A verbatim copy of the listing is what is needed, minus any pictures.

## RAW DATA
*** Block opens ***

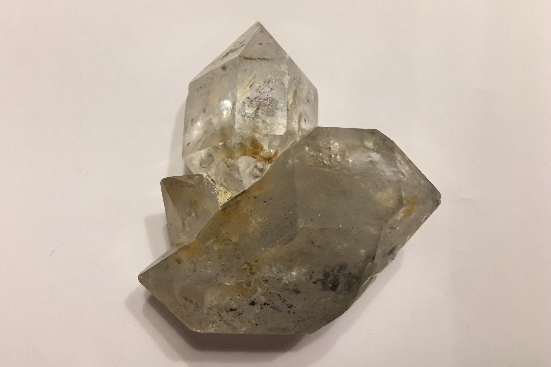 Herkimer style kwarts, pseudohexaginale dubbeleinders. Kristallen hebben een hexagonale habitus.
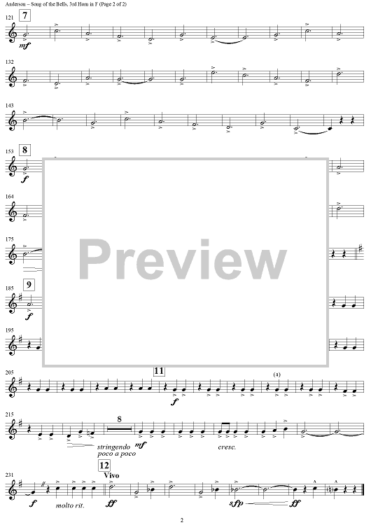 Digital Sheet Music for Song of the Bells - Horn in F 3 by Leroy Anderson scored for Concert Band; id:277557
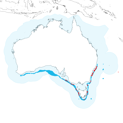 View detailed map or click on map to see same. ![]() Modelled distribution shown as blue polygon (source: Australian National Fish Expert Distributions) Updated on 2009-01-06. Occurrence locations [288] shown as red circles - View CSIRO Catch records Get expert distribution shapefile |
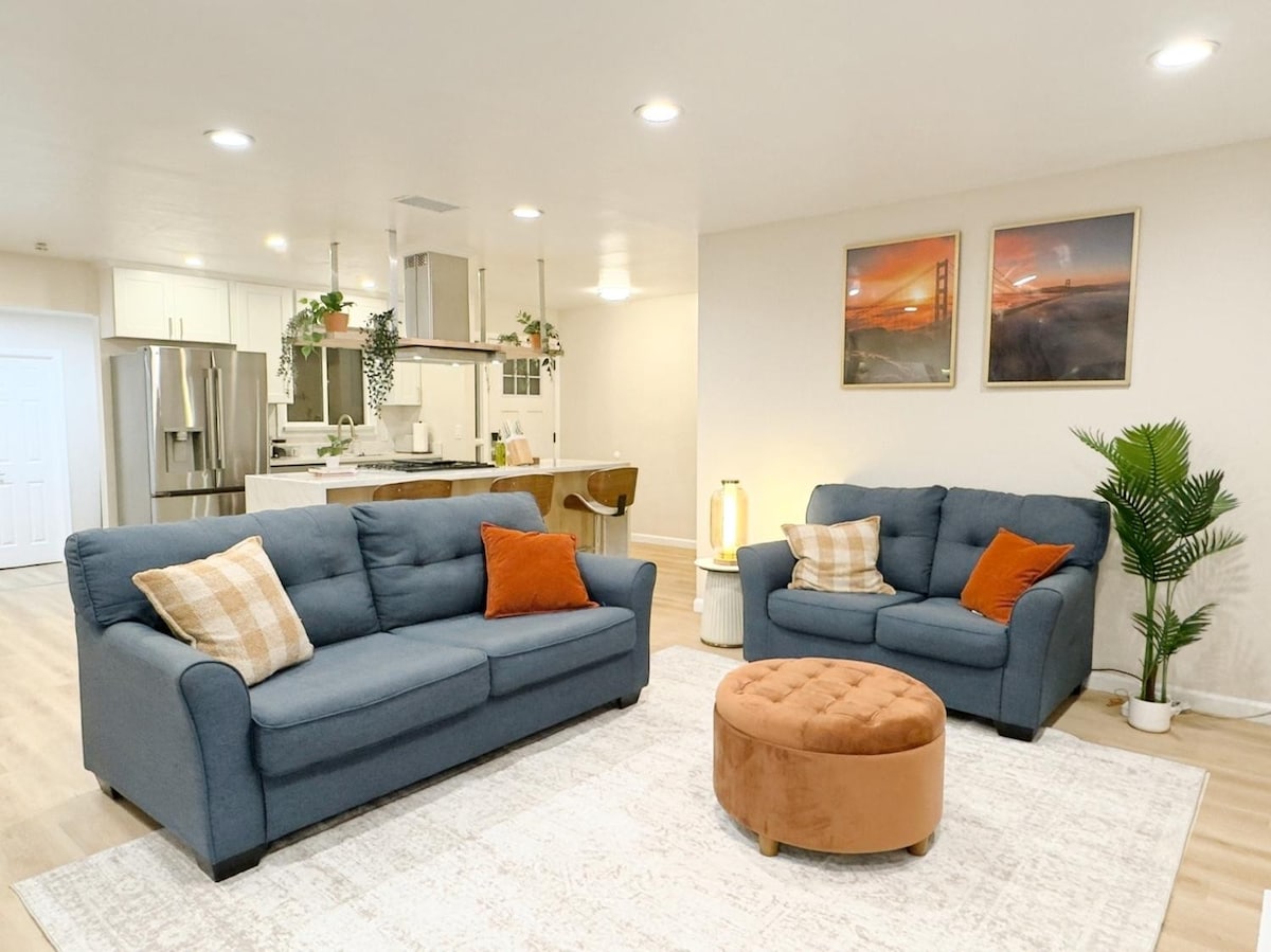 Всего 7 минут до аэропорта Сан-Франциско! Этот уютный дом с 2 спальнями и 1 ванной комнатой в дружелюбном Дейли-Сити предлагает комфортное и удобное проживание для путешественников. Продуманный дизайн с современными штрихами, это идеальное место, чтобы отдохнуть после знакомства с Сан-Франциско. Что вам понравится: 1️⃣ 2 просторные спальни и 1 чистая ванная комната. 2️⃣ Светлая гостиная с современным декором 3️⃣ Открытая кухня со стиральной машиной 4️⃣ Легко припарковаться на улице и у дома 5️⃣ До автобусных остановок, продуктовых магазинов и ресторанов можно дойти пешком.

*** Block closes ***

## RESPONSE TO THE EXERCISE
 Herkimer style kwarts, pseudohexaginale dubbeleinders. Kristallen hebben een hexagonale habitus.
 Digital Sheet Music for Song of the Bells - Horn in F 3 by Leroy Anderson scored for Concert Band; id:277557
 View detailed map or click on map to see same. ![]() Modelled distribution shown as blue polygon (source: Australian National Fish Expert Distributions) Updated on 2009-01-06. Occurrence locations [288] shown as red circles - View CSIRO Catch records Get expert distribution shapefile |
 Всего 7 минут до аэропорта Сан-Франциско! Этот уютный дом с 2 спальнями и 1 ванной комнатой в дружелюбном Дейли-Сити предлагает комфортное и удобное проживание для путешественников. Продуманный дизайн с современными штрихами, это идеальное место, чтобы отдохнуть после знакомства с Сан-Франциско. Что вам понравится: 1️⃣ 2 просторные спальни и 1 чистая ванная комната. 2️⃣ Светлая гостиная с современным декором 3️⃣ Открытая кухня со стиральной машиной 4️⃣ Легко припарковаться на улице и у дома 5️⃣ До автобусных остановок, продуктовых магазинов и ресторанов можно дойти пешком.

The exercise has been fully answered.